Introducing doop

As great as Immutable.js is, especially with a TypeScript declaration included in the package, the Record class leaves me a little disappointed.

In an ordinary class with public properties we’re used to being able to say:

const a = new Animal();
a.hasTail = true;
a.legs = 2;

const tailPrefix = a.hasTail ? "a" : "no";
const desciption = `Has ${a.legs} legs and ${tail} tail.`;

That is, each property is a single named feature that can be used to set and get its value. But immutability makes things a little more complicated, because rather than changing a property of an object, we instead create a whole new object that has the same values on all its properties except for the one we want to change. It’s just a convenient version of “clone and update”. This is how it has to be with immutable data. You can’t change an object, but you can easily make a new object that is modified to your requirements.

Why is this hard to achieve in a statically typed way? This thread gives a nice quick background. In a nutshell, you use TypeScript because you want to statically declare the structure of your data. Immutable.js provides a class called Record that lets you define class-like data types, but at runtime rather than compile time. You can overlay TypeScript interface declarations onto them at compile time, but it’s a bit messy. Inheritance is troublesome, and there’s a stubborn set method that takes the property name as a string, so there’s nothing stopping you at compile-time from specifying the wrong property name or the wrong type of value.

The most complex suggestion in that thread is to use code generation to automatically generate a complete statically typed immutable class, from a simpler declaration in a TS-like syntax. This is certainly an option, but seems like a defeat for something so fundamental to programming as declaring the data structures we’re going to use in memory.

Really this kind of class declaration should be second nature. If we’re going to adopt immutable data as an approach, we’re going to be flinging these things around like there’s no tomorrow.
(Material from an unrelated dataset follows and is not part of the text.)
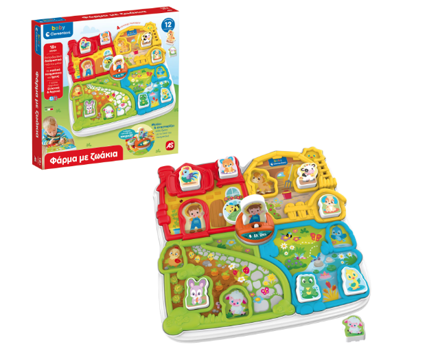 Ένα χαρούμενο αγρόκτημα με πολλούς χαρακτήρες για να ανακαλύψει και να γνωρίσει το παιδί πολλά ζώα και τα περιβάλλοντα όπου ανήκουν. Μέσα από το παιχνίδι, θα ανακαλύψει τις τέσσερις περιοχές του αγροκτήματος και θα τοποθετήσει τους χαρακτήρες σαν παζλ στη σωστή θέση ακούγοντας ένα μικρό ποιηματάκι. Αναπτύσσει την επιδεξιότητα, την φαντασία ενώ ακόμα εξοικειώνει τα παιδιά με τις πρώτες τους λέξεις στα αγγλικά.

So I wanted to see if something simpler could be done using the built-in metaprogramming capabilities in TypeScript, namely decorators. And it can! And it’s not as ugly as it might be! And there’s a nice hack hiding under it!

How it looks

This is how to declare an immutable class with some properties and one method that reads the properties.

import { doop } from "../doop";

@doop
class Animal {

    @doop
    get hasTail() { return doop<boolean, this>() }

    @doop
    get legs() { return doop<number, this>(); }

    @doop
    get food() { return doop<string, this>(); }

    constructor() {
        this.hasTail(true).legs(2);
    }

    describe() {
        const tail = this.hasTail() ? "a" : "no";
        return `Has ${this.legs()} legs, ${tail} tail and likes to eat ${this.food()}.`;
    }
}

The library doop exposes a single named feature, doop, and you can see it being used in three ways in the above snippet:

  • As a class decorator, right above the Animal class: this allows it to “finish off” the class definition when the code is loaded into the JS engine.
  • As a property decorator, above each property: this inserts a function that implements both get and set functionality.
  • As a helper function, called inside each property getter

Although not visible in that snippet, there’s also a generic interface, Doop, returned by the helper function, and hence supported by each property:

interface Doop<V, O> {
    (): V;
    (newValue: V): O;
}

That’s a function object with two overloads. So to get the value of a property (as you can see happening in the describe method) you call it like a function with no arguments:

if (a.hasTail()) { ...

It’s a little annoying that you can’t just say:

if (a.hasTail) { ...

But that would rule out being able to “set” (make a modified clone) through the same named feature on the object. If the type of hasTail were boolean, we’d be stuck.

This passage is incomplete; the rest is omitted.